Brief: Your answer must be the data repeated exactly, with no pictures in it.

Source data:
━━━━━━━━━━

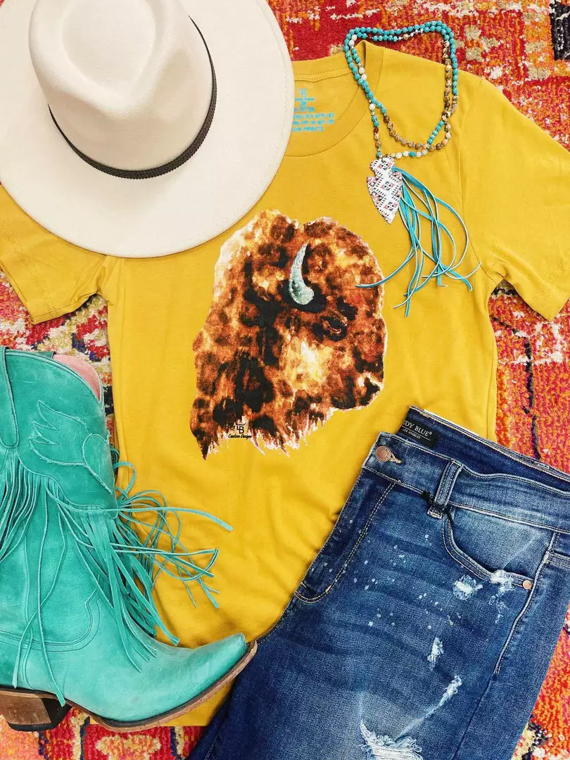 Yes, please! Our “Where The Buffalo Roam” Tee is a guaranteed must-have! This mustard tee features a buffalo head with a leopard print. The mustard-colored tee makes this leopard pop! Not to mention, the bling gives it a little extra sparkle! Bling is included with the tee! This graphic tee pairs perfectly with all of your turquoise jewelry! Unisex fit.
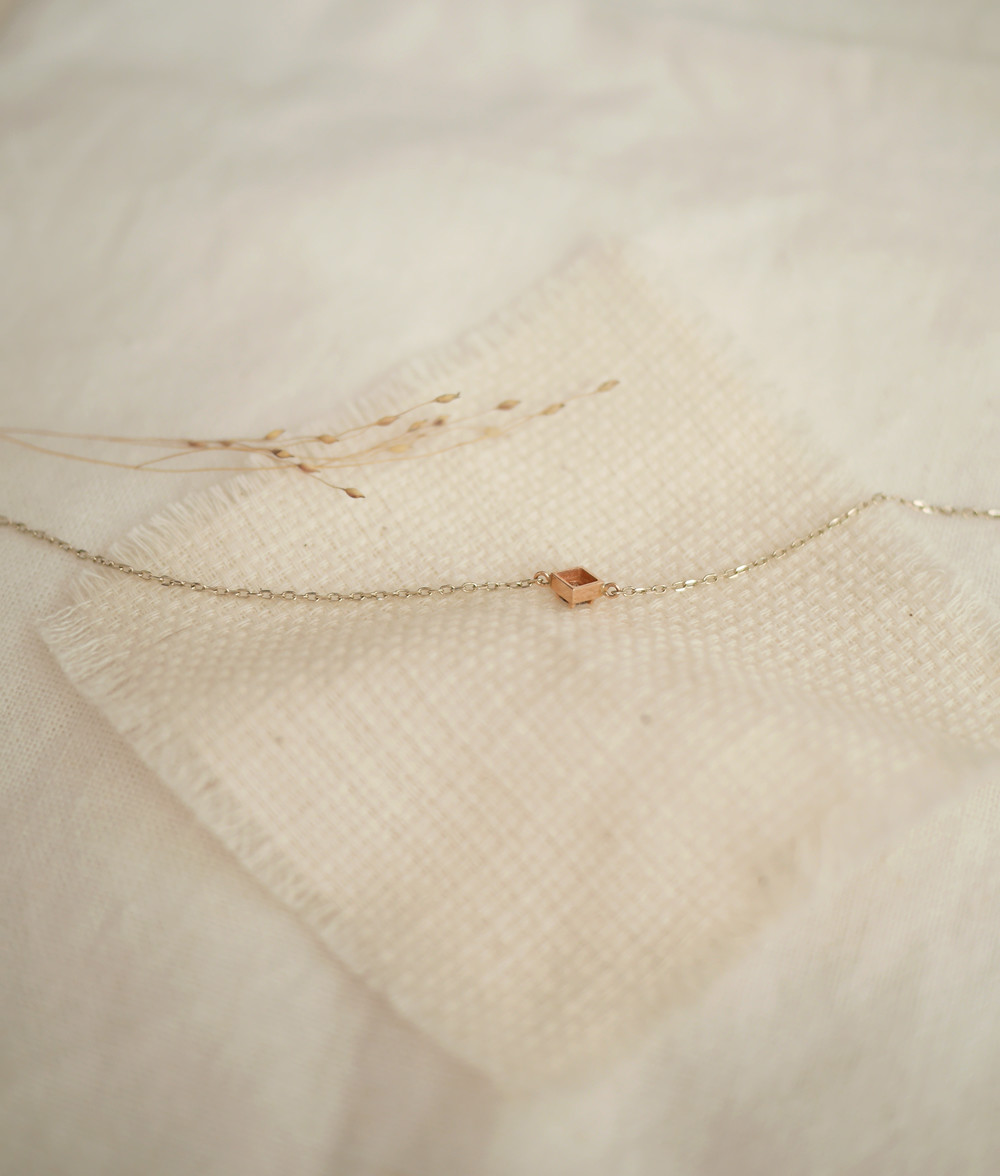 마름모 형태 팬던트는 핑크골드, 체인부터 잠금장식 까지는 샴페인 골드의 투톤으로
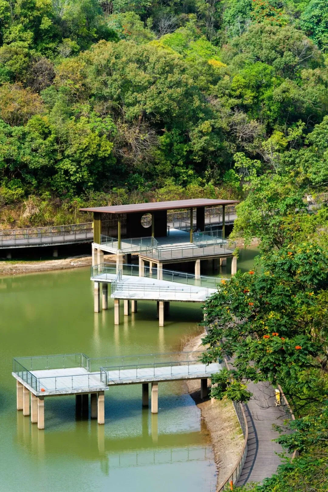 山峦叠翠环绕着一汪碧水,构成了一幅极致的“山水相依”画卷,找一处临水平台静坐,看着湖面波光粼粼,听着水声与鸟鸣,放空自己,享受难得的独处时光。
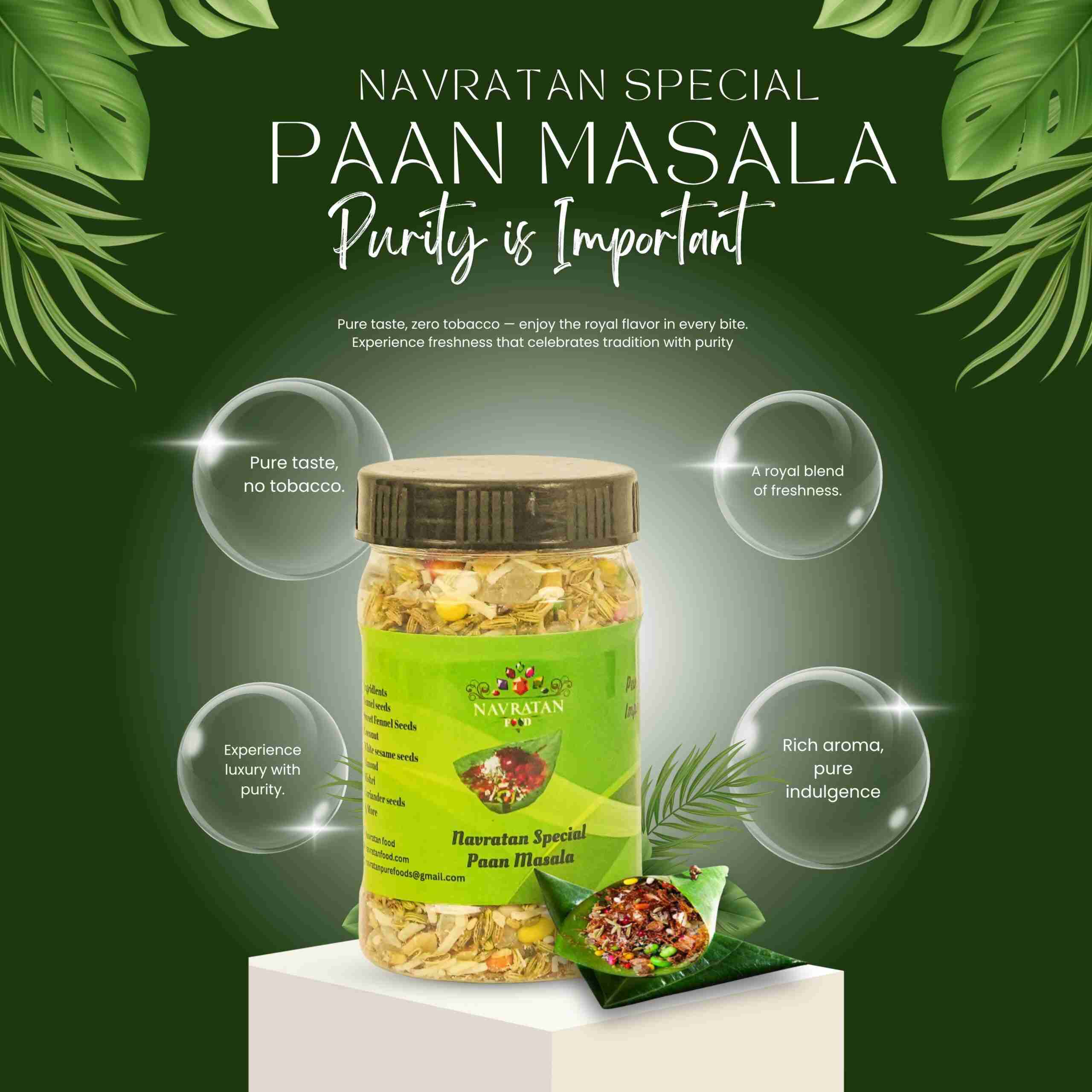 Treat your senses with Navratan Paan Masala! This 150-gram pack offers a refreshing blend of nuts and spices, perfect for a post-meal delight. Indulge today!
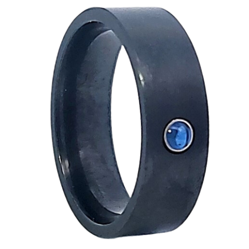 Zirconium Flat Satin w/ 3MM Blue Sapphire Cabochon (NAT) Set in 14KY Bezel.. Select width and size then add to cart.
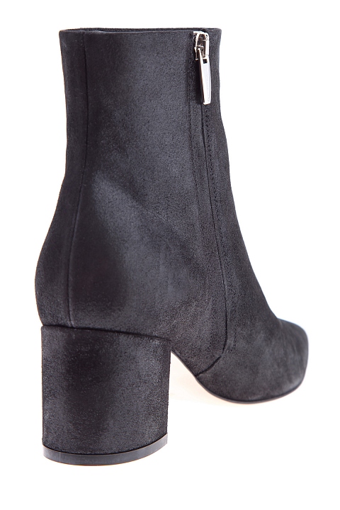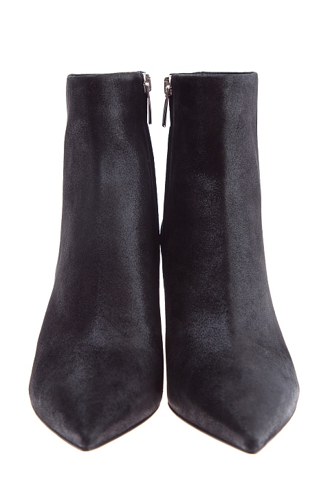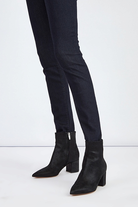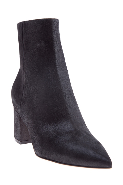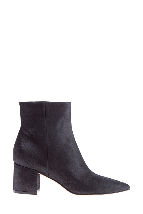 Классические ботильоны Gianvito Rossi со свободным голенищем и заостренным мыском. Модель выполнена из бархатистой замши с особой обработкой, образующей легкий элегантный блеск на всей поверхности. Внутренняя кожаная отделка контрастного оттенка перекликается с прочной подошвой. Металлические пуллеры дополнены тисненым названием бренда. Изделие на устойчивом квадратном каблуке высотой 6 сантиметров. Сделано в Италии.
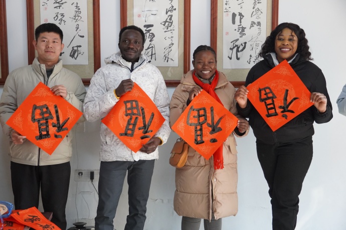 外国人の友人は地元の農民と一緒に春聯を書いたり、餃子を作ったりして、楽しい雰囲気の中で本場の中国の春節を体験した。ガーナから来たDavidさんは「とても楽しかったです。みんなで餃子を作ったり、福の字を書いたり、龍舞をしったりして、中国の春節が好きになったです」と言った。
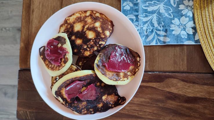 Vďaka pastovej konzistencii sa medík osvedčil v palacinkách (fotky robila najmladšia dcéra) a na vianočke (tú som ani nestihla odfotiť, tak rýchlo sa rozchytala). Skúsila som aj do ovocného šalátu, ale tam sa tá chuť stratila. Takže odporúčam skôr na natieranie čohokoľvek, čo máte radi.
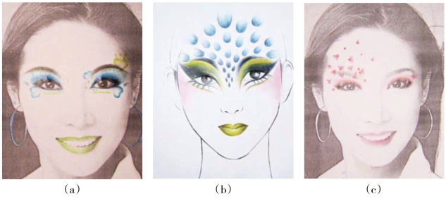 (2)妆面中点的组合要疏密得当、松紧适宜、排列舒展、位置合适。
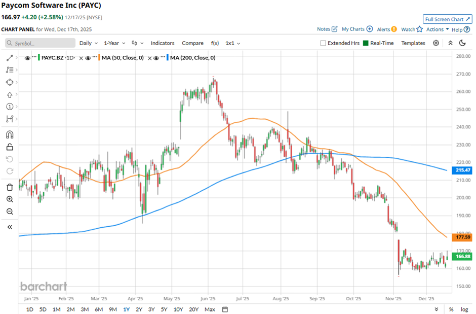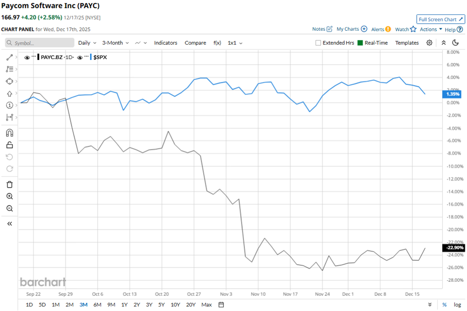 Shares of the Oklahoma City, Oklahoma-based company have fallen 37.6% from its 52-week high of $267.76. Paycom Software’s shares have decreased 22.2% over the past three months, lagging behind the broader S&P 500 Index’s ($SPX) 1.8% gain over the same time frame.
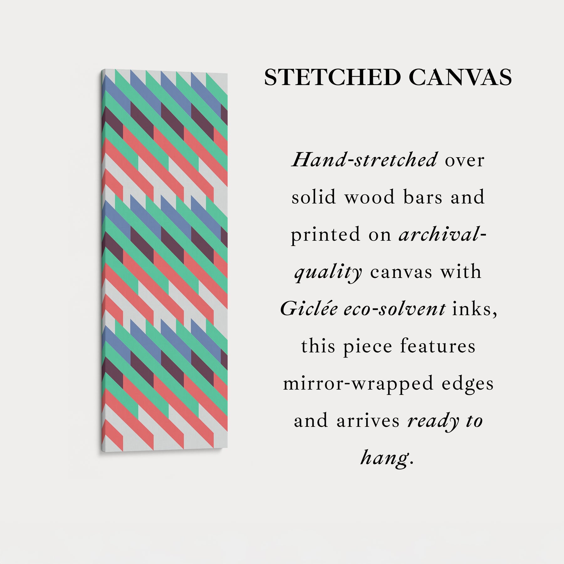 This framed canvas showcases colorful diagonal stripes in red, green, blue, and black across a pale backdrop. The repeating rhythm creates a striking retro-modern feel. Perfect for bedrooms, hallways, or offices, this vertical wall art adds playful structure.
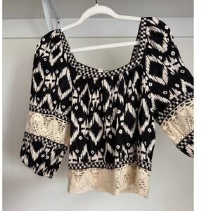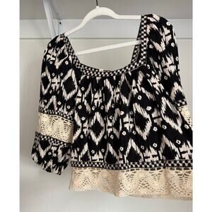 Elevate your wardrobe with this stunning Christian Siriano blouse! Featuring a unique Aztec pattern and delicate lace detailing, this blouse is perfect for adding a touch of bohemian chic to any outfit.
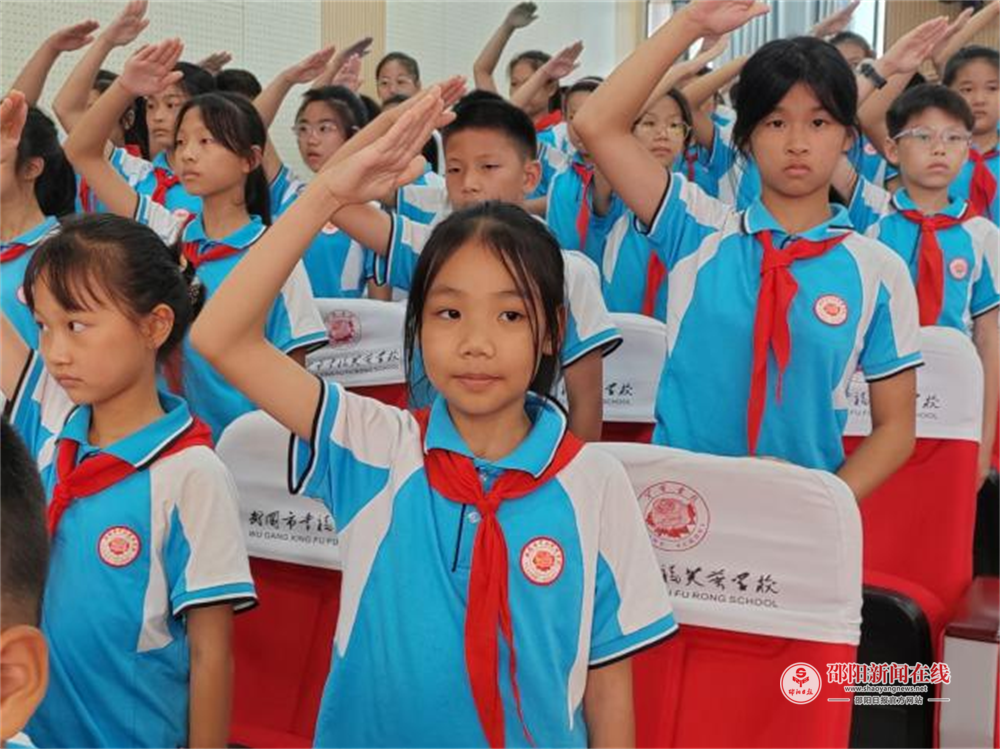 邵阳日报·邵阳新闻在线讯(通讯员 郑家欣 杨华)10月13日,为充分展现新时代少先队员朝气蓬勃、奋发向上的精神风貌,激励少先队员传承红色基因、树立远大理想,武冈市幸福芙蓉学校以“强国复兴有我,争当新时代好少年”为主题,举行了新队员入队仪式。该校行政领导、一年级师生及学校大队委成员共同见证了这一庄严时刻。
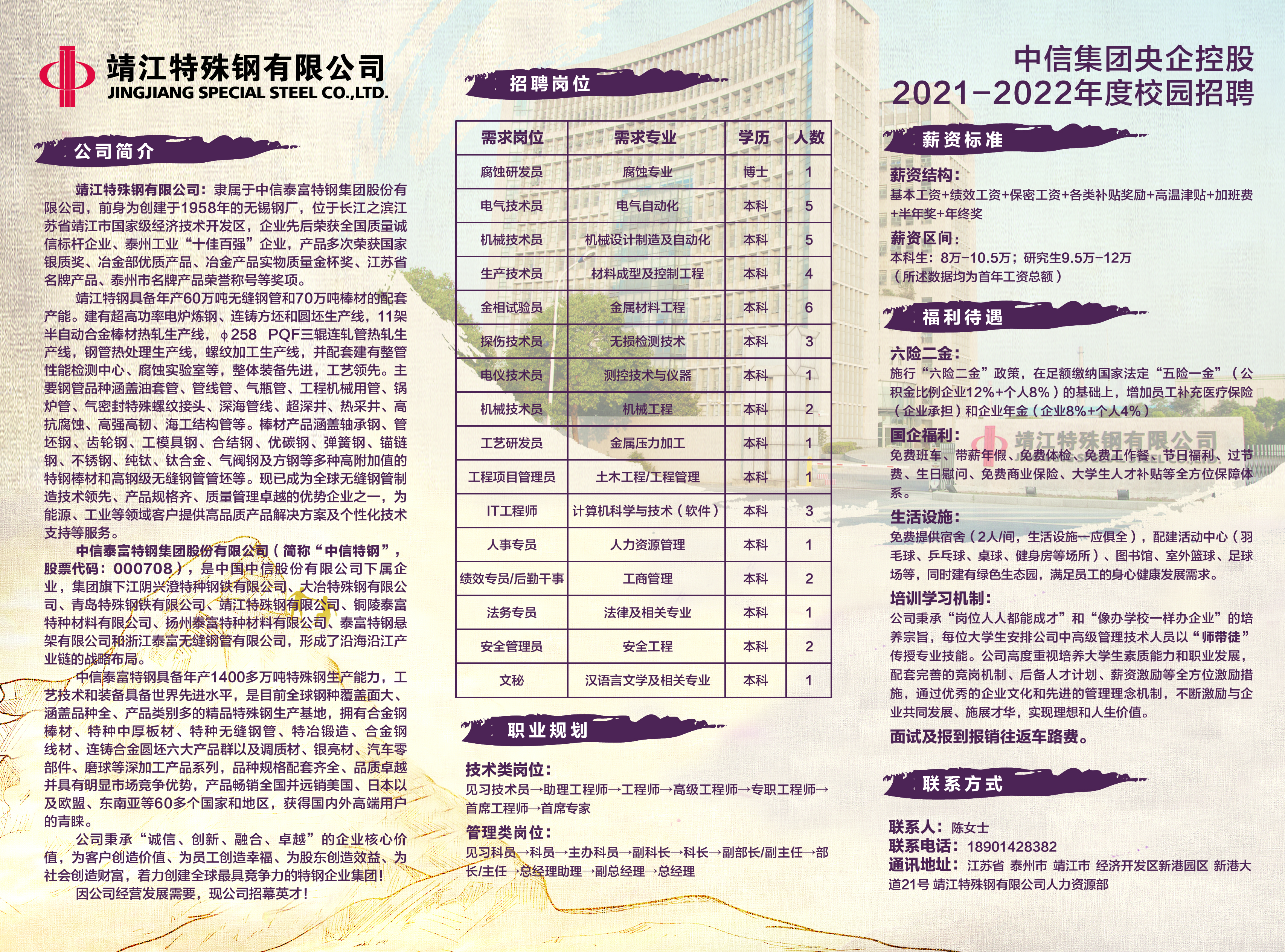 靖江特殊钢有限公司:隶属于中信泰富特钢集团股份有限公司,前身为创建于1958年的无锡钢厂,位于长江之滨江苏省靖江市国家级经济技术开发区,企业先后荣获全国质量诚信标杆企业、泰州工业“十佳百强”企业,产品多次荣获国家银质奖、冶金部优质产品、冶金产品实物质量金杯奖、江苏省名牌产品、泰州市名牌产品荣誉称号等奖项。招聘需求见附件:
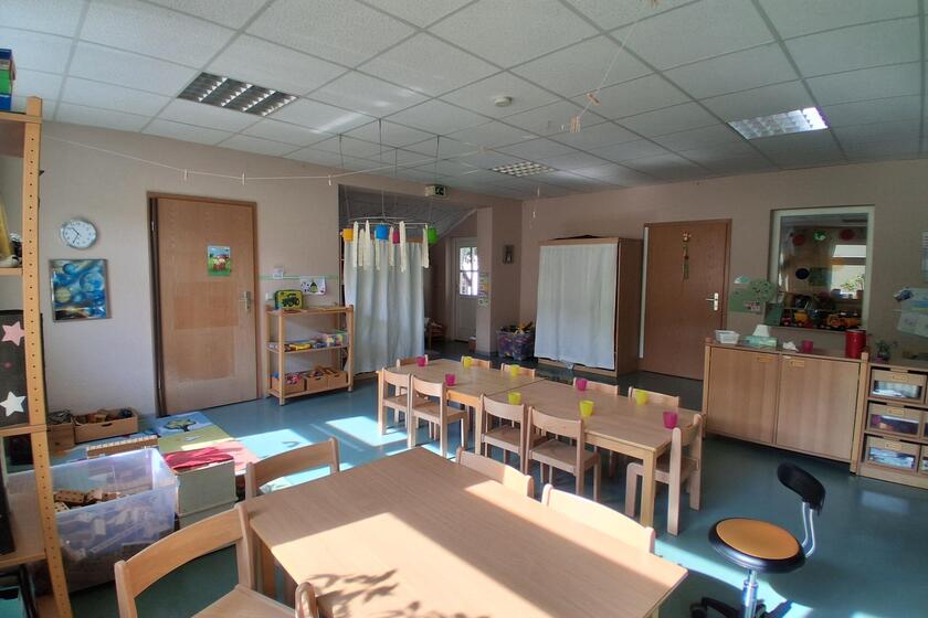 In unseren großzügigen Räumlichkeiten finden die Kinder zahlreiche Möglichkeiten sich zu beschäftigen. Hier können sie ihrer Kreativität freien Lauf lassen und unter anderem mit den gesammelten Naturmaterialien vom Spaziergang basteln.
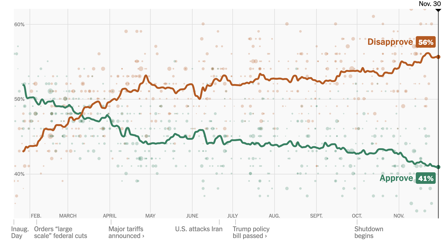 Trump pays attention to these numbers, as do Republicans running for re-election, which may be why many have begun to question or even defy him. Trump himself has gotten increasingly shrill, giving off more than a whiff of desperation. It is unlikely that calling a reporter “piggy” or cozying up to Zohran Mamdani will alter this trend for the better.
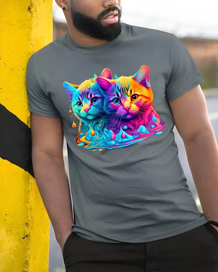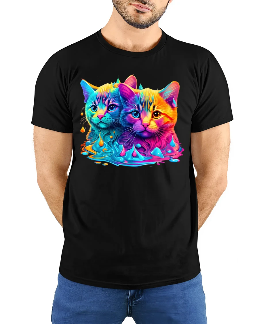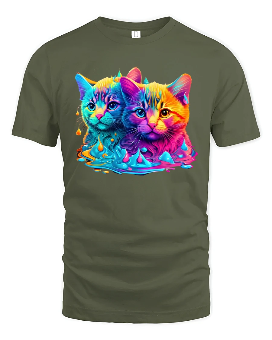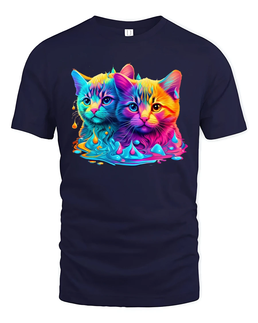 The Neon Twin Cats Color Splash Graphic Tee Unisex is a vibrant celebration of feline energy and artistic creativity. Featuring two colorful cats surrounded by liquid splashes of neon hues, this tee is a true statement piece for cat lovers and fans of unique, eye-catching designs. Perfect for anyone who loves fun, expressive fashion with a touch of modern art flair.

━━━━━━━━━━

Task answer:
 Yes, please! Our “Where The Buffalo Roam” Tee is a guaranteed must-have! This mustard tee features a buffalo head with a leopard print. The mustard-colored tee makes this leopard pop! Not to mention, the bling gives it a little extra sparkle! Bling is included with the tee! This graphic tee pairs perfectly with all of your turquoise jewelry! Unisex fit.
 마름모 형태 팬던트는 핑크골드, 체인부터 잠금장식 까지는 샴페인 골드의 투톤으로
 山峦叠翠环绕着一汪碧水,构成了一幅极致的“山水相依”画卷,找一处临水平台静坐,看着湖面波光粼粼,听着水声与鸟鸣,放空自己,享受难得的独处时光。
 Treat your senses with Navratan Paan Masala! This 150-gram pack offers a refreshing blend of nuts and spices, perfect for a post-meal delight. Indulge today!
 Zirconium Flat Satin w/ 3MM Blue Sapphire Cabochon (NAT) Set in 14KY Bezel.. Select width and size then add to cart.
 Классические ботильоны Gianvito Rossi со свободным голенищем и заостренным мыском. Модель выполнена из бархатистой замши с особой обработкой, образующей легкий элегантный блеск на всей поверхности. Внутренняя кожаная отделка контрастного оттенка перекликается с прочной подошвой. Металлические пуллеры дополнены тисненым названием бренда. Изделие на устойчивом квадратном каблуке высотой 6 сантиметров. Сделано в Италии.
 外国人の友人は地元の農民と一緒に春聯を書いたり、餃子を作ったりして、楽しい雰囲気の中で本場の中国の春節を体験した。ガーナから来たDavidさんは「とても楽しかったです。みんなで餃子を作ったり、福の字を書いたり、龍舞をしったりして、中国の春節が好きになったです」と言った。
 Vďaka pastovej konzistencii sa medík osvedčil v palacinkách (fotky robila najmladšia dcéra) a na vianočke (tú som ani nestihla odfotiť, tak rýchlo sa rozchytala). Skúsila som aj do ovocného šalátu, ale tam sa tá chuť stratila. Takže odporúčam skôr na natieranie čohokoľvek, čo máte radi.
 (2)妆面中点的组合要疏密得当、松紧适宜、排列舒展、位置合适。
 Shares of the Oklahoma City, Oklahoma-based company have fallen 37.6% from its 52-week high of $267.76. Paycom Software’s shares have decreased 22.2% over the past three months, lagging behind the broader S&P 500 Index’s ($SPX) 1.8% gain over the same time frame.
 This framed canvas showcases colorful diagonal stripes in red, green, blue, and black across a pale backdrop. The repeating rhythm creates a striking retro-modern feel. Perfect for bedrooms, hallways, or offices, this vertical wall art adds playful structure.
 Elevate your wardrobe with this stunning Christian Siriano blouse! Featuring a unique Aztec pattern and delicate lace detailing, this blouse is perfect for adding a touch of bohemian chic to any outfit.
 邵阳日报·邵阳新闻在线讯(通讯员 郑家欣 杨华)10月13日,为充分展现新时代少先队员朝气蓬勃、奋发向上的精神风貌,激励少先队员传承红色基因、树立远大理想,武冈市幸福芙蓉学校以“强国复兴有我,争当新时代好少年”为主题,举行了新队员入队仪式。该校行政领导、一年级师生及学校大队委成员共同见证了这一庄严时刻。
 靖江特殊钢有限公司:隶属于中信泰富特钢集团股份有限公司,前身为创建于1958年的无锡钢厂,位于长江之滨江苏省靖江市国家级经济技术开发区,企业先后荣获全国质量诚信标杆企业、泰州工业“十佳百强”企业,产品多次荣获国家银质奖、冶金部优质产品、冶金产品实物质量金杯奖、江苏省名牌产品、泰州市名牌产品荣誉称号等奖项。招聘需求见附件:
 In unseren großzügigen Räumlichkeiten finden die Kinder zahlreiche Möglichkeiten sich zu beschäftigen. Hier können sie ihrer Kreativität freien Lauf lassen und unter anderem mit den gesammelten Naturmaterialien vom Spaziergang basteln.
 Trump pays attention to these numbers, as do Republicans running for re-election, which may be why many have begun to question or even defy him. Trump himself has gotten increasingly shrill, giving off more than a whiff of desperation. It is unlikely that calling a reporter “piggy” or cozying up to Zohran Mamdani will alter this trend for the better.
 The Neon Twin Cats Color Splash Graphic Tee Unisex is a vibrant celebration of feline energy and artistic creativity. Featuring two colorful cats surrounded by liquid splashes of neon hues, this tee is a true statement piece for cat lovers and fans of unique, eye-catching designs. Perfect for anyone who loves fun, expressive fashion with a touch of modern art flair.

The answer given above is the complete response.